A time-correlation function approach to nuclear dynamical effects in X-ray spectroscopy

TL;DR

This paper introduces a novel time-correlation function approach to incorporate nuclear dynamical effects into X-ray spectroscopy, enhancing the understanding of nuclear-electronic interactions in complex environments.

Contribution

It presents an alternative derivation and implementation of a protocol to account for nuclear dynamics in X-ray spectra, demonstrated on water samples.

Findings

Nuclear motions influence specific spectral features.

Correlation functions reveal dynamics of electronic energy gaps.

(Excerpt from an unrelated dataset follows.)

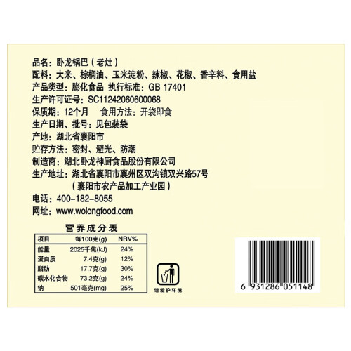 当前的位置: 首页 > 今日值得买 > 卧龙手工锅巴老灶锅巴襄阳特产休闲零食麻辣味 400g/袋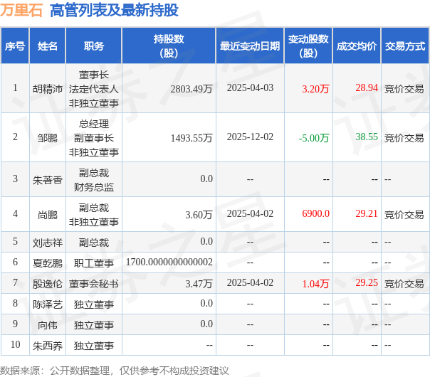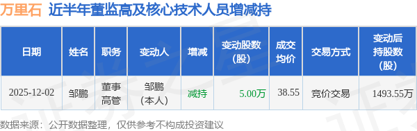 证券之星消息,根据12月3日市场公开信息、上市公司公告及交易所披露数据整理,万里石(002785)最新董监高及相关人员股份变动情况:2025年12月2日公司董事,高管邹鹏共减持公司股份5.0万股,占公司总股本为0.0221%。变动期间公司股价上涨4.76%,12月2日当日收盘报38.55元。

Harmonic model explains observed spectral tendencies.

Abstract

Modern X-ray spectroscopy has proven itself as a robust tool for probing the electronic structure of atoms in complex environments. Despite working on energy scales that are much larger than those corresponding to nuclear motions, taking nuclear dynamics and the associated nuclear correlations into account may be of importance for X-ray spectroscopy. Recently, we have developed an efficient protocol to account for nuclear dynamics in X-ray absorption and resonant inelastic X-ray scattering spectra [Karsten \textit{et al.} arXiv:1608.03436], based on ground state molecular dynamics accompanied with state-of-the-art calculations of electronic excitation energies and transition dipoles. Here, we present an alternative derivation of the formalism and elaborate on the developed simulation protocol on the examples of gas phase and bulk water. The specific spectroscopic features stemming from the nuclear motions are analyzed and traced down to the dynamics of electronic energy gaps and transition dipole correlation functions. The observed tendencies are explained on the basis of a simple harmonic model and the involved approximations are discussed. The method represents a step forward over the conventional approaches treating the system in full complexity and provides a reasonable starting point for further improvements.